The idea behind the program is simple: provide law enforcement agencies with officers who are experts in identifying substances in individuals arrested for DUIs or other offenses. According to officials, the drug recognition experts are a huge help in evaluating drivers following fatal crashes, observing and testing suspected inebriated drivers and even providing expert testimony in court.

“These are fine officers,” Colorado program coordinator Kim Ferber said. “They’re what I would say are some of the most committed police officers in the state because of the level of training and research necessary in the process, and the fact that they have to provide expert testimony — a much higher threshold than normal testimony. They’re 100 percent committed to stopping impaired driving, and they definitely have the training and the tools to do it.”

Becoming a drug recognition expert is the third and highest level of training an officer can achieve in the field, in addition to standardized field sobriety testing and advanced roadside impaired driving enforcement.

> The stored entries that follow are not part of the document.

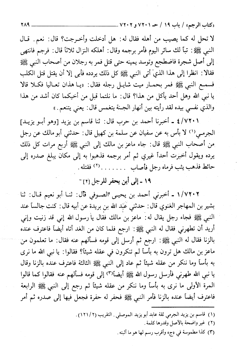 7201 - أخبرنا أحمد بن حرب قال ثنا قاسم بن يزيد وهو أبو يزيد الجرمي لا بأس به عن سفيان عن سلمة بن كهيل قال حدثني أبو مالك عن رجل من أصحاب النبي صلى الله عليه و سلم قال : جاء ماعز بن مالك إلى النبي صلى الله عليه و سلم أربع مرات كل ذلك يرده ويقول أخبرت أحدا غيري ثم أمر برجمه فذهبوا به إلى مكان يبلغ صدره إلى حائط فذهب يثب فرماه رجل فأصاب فقتله
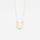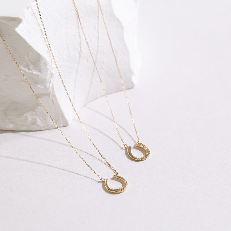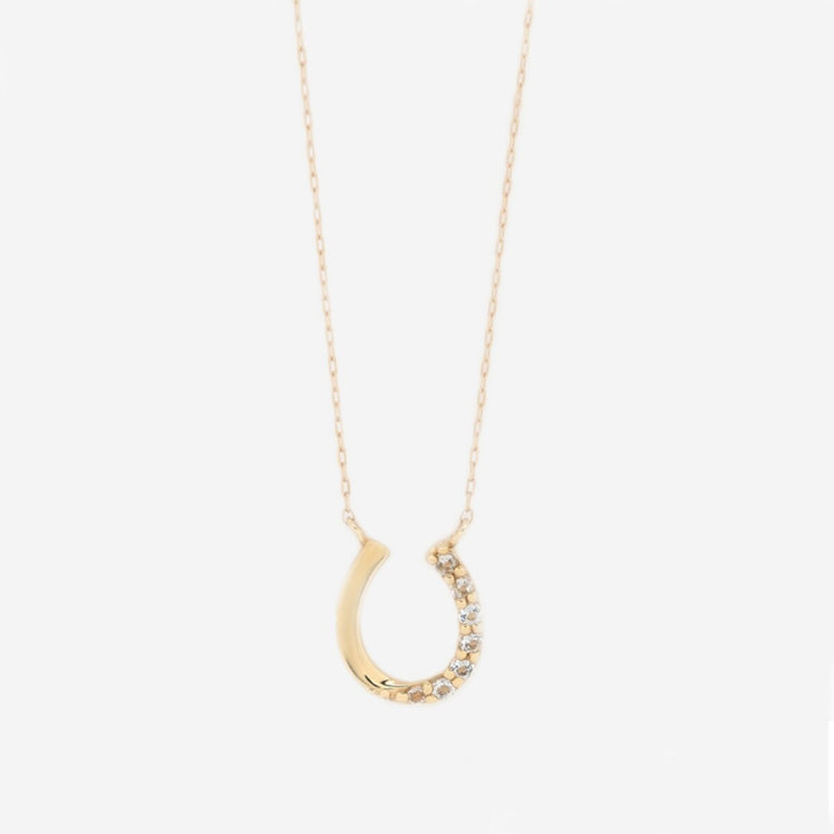 馬蹄モチーフがはっきりわかる大きさで、地金とホワイトトパーズがとてもキラキラして、上品なネックレスです。
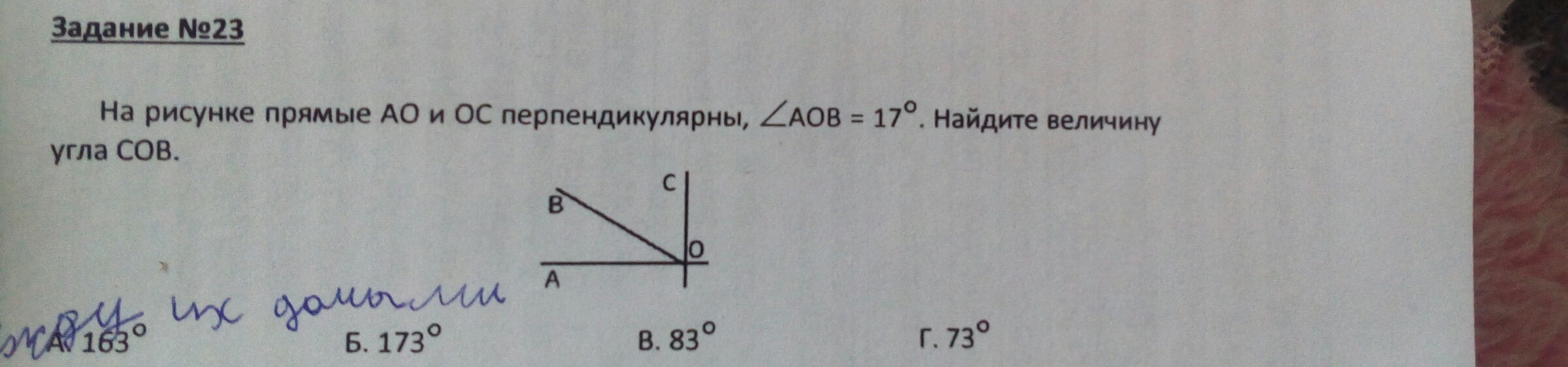 На рисунке прямые AO и OC перпендикулярны, угл AOB = 17°. Найдите величину угла COB.
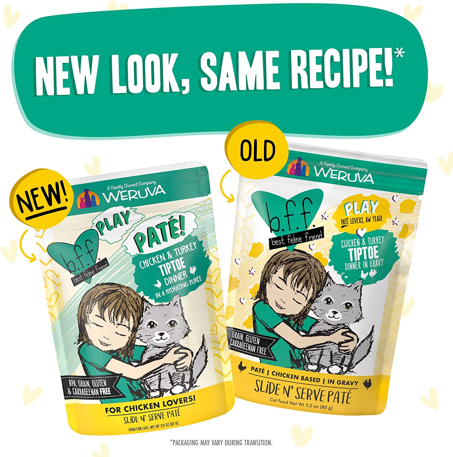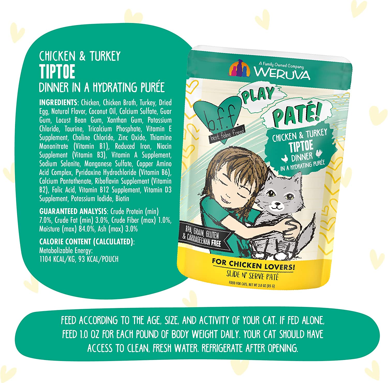 Weruva Wet Cat Food B.F.F. PLAY - Best Feline Friend Paté Lovers. Aw Yeah!. Chicken & Turkey Tiptoe with Chicken & Turkey. 3oz Pouch (Pack of 12)

While the bulk of the training occurs over nine days, it’s quite intense — including more than 1,200 pages of material and seven written examinations before any field testing.

Ferber noted that officers are trained to complete a 12-step process anytime they’re asked to assist in a call. The testing begins with regular procedures you’d see in an average field sobriety test, including administering breath alcohol testing, taking vitals and performing divided attention testing (for example, asking a suspect to walk in a straight line and turn, or stand on one leg). Drug recognition experts also are equipped to search for injection sites for drugs, perform toxicology tests, and analyze eye movement and muscle tone — things that certain substances can affect to a great extent.

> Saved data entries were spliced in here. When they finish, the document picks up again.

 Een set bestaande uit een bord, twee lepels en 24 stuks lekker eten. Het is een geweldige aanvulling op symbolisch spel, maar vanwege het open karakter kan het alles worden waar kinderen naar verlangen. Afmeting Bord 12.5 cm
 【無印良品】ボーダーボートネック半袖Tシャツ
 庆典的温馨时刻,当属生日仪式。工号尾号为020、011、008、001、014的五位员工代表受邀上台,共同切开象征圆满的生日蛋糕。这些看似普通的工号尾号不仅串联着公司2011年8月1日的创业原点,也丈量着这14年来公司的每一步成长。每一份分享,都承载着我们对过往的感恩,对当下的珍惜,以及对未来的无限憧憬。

Officers receive comprehensive training to pick up on seven drug categories, including central nervous system depressants (alcohol, sleeping pills, etc.), hallucinogens (psilocybin, LSD), narcotic analgesics (pain relievers), cannabis, inhalants (glue, nail polish remover), dissociative anesthetics (ketamine, PCP), and central nervous system stimulants (cocaine, amphetamine).

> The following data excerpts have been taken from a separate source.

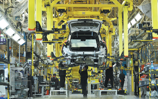 Workers are busy on the assembly line that has been upgraded through intelligent manufacturing for new energy vehicles installation at Lynk & Co's factory in Yiwu, Zhejiang province, on Feb 27. LYU BIN/FOR CHINA DAILY
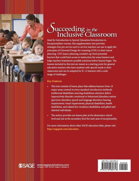 Ideal for Introduction to Special Education/Introduction to Exceptionalities courses, this supplementary text provides strategies pre-service and in-service teachers can use to apply the principles of Universal Design for Learning (UDL) to their lesson planning. UDL lesson planning considers "up front" potential barriers that could limit access to instruction for some learners and helps teachers brainstorm possible solutions before lessons begin. The lessons included in this text are meant as a starting point for general education teachers who have students with special needs in their classrooms and can be adapted for K-12 learners with a wide range of challenges. Metcalf provides one lesson plan at the elementary school level and one at the secondary level for each area of exceptionality.
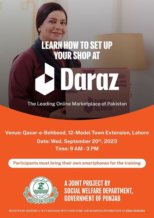 Great opportunity for women entrepreneurs at Sanatzars to use DARAZ as their gateway platform for setting up digital shops. Free of cost exclusive training by DARAZ at Sanatzars and Qasr e Behbood.
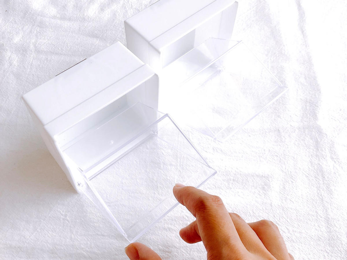 「パカッ」とスイング式で開け閉めができる、小さめサイズの収納ケース。
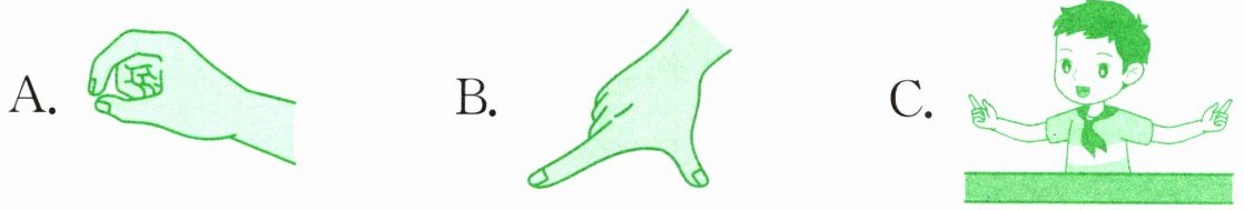 解析:本题考查对长度单位“分米”的直观认识,需要通过观察手势来判断哪个手势的长度大约是1分米。1分米大约是一个粉笔盒的长度,通常成年人一个手掌的宽度比较接近1分米。
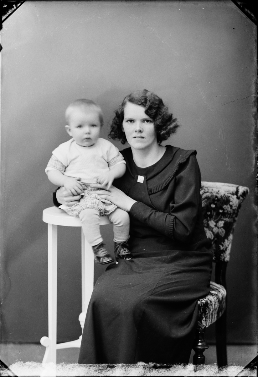 Titel: Ester Jansson med sonen Björn från Gisselbol, Uppland 1936
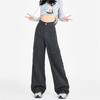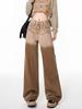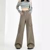 Pantalones vaqueros color marrón chocolate para mujer, rectos, sueltos, de cintura alta, adelgazantes, informales, de trabajo, de pierna ancha, primavera 2024

Once an officer completes classroom and practical testing on the drugs, they’ll need to complete a field certification course with one of the instructors and must return about six months later for a final knowledge exam. Ferber said that in order to retain their expert standing, they also need to return the next year for a two-day refresher course and are required to return for training every other year to maintain competency.  

Ferber noted that she helps to teach one or two classes a year, and the group shoots for about 20 individuals per class — though at least a couple tend to wash out during a day-two exam in each class. There are about 226 active drug recognition experts in the state across 79 agencies, including many with Colorado State Patrol.

For law enforcement agencies, having the help of drug recognition experts can make a vital difference in prosecuting a case.

“Every officer has the training to say, ‘I believe I have probable cause to put this person under arrest,’” Ferber said. “But the (drug recognition experts) have extensive training into the specific drug categories and how those affect the body.

“It’s important in terms of the prosecution purposes that the court has the ability to see the totality of the case from the initial contact all the way through the full investigation. They work side by side with crash investigators to culminate a comprehensive investigation. In my experience reviewing some of these investigations, drug recognition experts are vitally important in adding their expertise day-to-day around the state and even more so on major crashes.”